Hi, we had the problem that our core server was poorly accessible for about 5 hours due to network problems. So all remote probes were not able to transfer data correctly or at all to the core server. Now we have a gap on the core server over this 5 hours on all sensors. I thought that the remote probes are caching it's data for that 5 hours and submit the cached data when the core server is reachable again. One remote probe has 5 Sensors with low frequented scanning interval (30 seconds for NetFlow V9, SNMP Traffic and Core/Probe Health, 30 minutes for 2 windows services), so there's not much data to cache I guess. Currently we have 70 Remote Probes online.
Any Ideas why the missing data in the mentioned 5 hours was not cached by the remote probes?
greetings, mike
Article Comments
No because none of the 70 remote probes have submitted any results. It's not likely that all servers did a reboot within that time - I'm actually sure. In my opinion either caching didn't work or sending/receiving the cached data was unsuccessful. Is there something to configure for caching the results?
May, 2011 - Permalink
This might be just a caching issue. Please try the following:
- Stop both PRTG services (core and probe).
- Head to your data folder (can be discerned from the PRTG Server Administrator tool, under the Core Server tab)
- Delete the PRTG Graph Data Cache.dat file
- Restart the PRTG services
- Log in to the Web GUI
- Go to Setup | System Status and check the background tasks. It should state that it is calculating historic data
Then,
- Refresh the page from time to time (is the number being reduced?)
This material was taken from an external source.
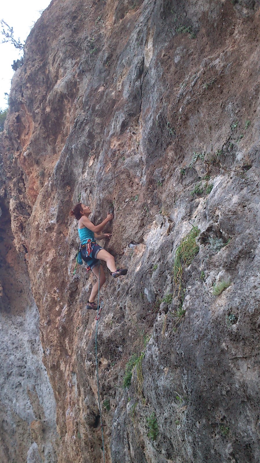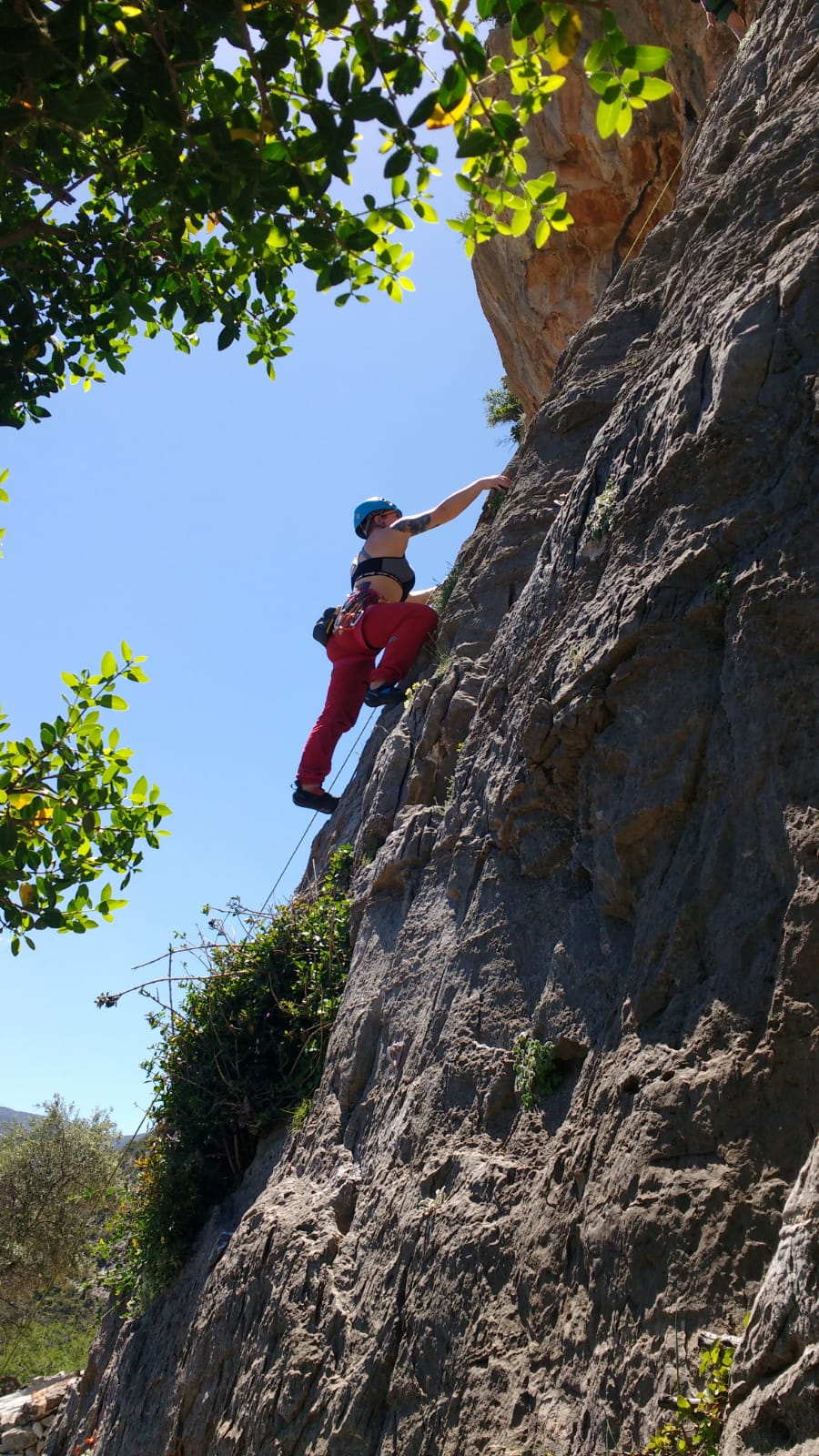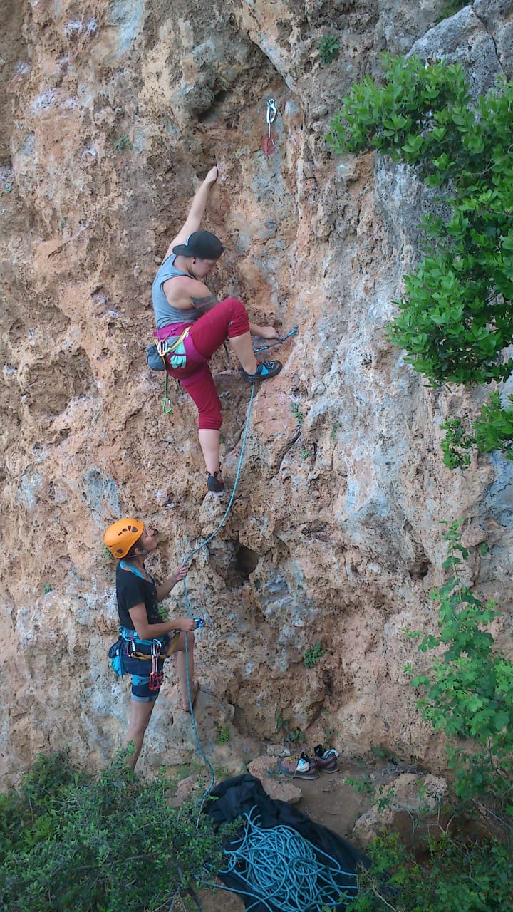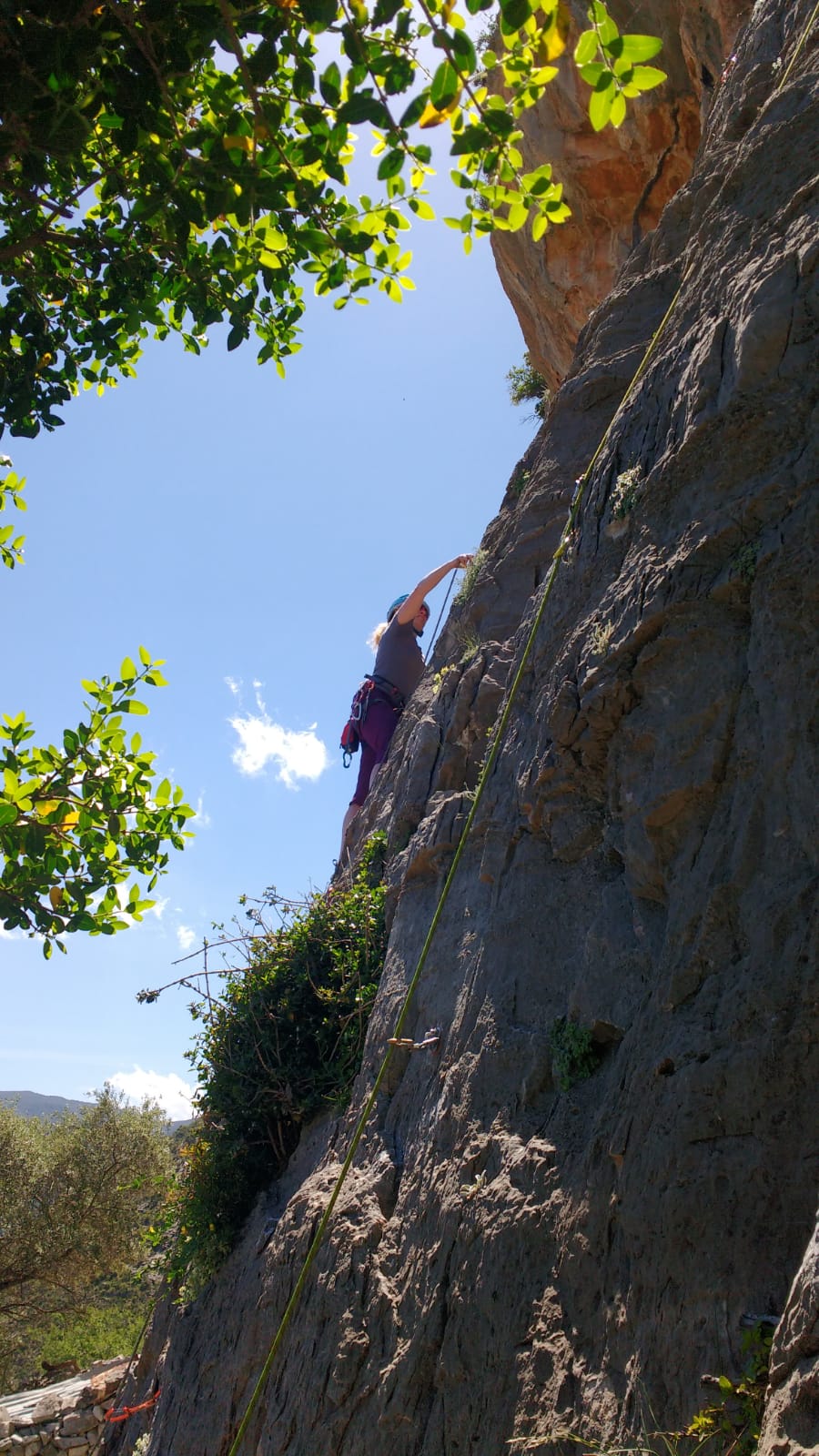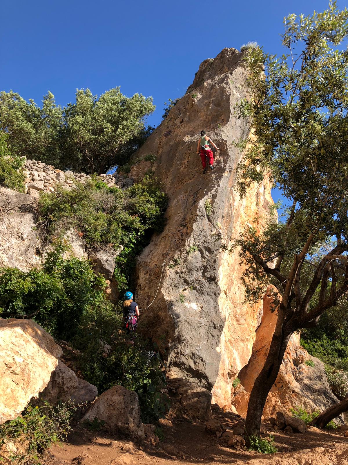 Nach einem ordentlichen Frühstück ging es zu Fuß zum Hausberg Kokkinovrachos Main, genauer gesagt Douvari. Um vor der Sonne und den Massen da zu sein, hieß es um 8 Uhr Abmarsch für den 30 Minütigen Aufstieg. Nach einer kurzen Verschnaufpause und einem Blick in den Kletterführer machten sich alle bereit für die ersten Routen. Für alle war etwas dabei und der Vormittag ging schnell vorbei. Ob im Vor- oder auch mal im Nachstieg, viele Routen von 4 bis 6b wurden von den Mädels begangen. Gegen 14 Uhr wurde es uns dann doch zu heiß und wir entschlossen uns zurück zum Haus zu gehen. Conny und Thea waren noch topmotiviert also ging es noch in Sektor Sabaton für ein paar Routen im Schatten und an etwas anderer Struktur.

- Let it run until it is done and then take a look at the historic data of your sensors - it should now be available
May, 2011 - Permalink
Dear Mike,
PRTG's Remote Probes can buffer a maximum of 500,000 sensor results in RAM memory of the remote probe system (this is up to 50 - 200 MB of monitoring data). However, data is only stored in RAM memory. In case the system running the Remote Probe is rebooted, monitoring data in the buffer gets lost. I assume this was the case here.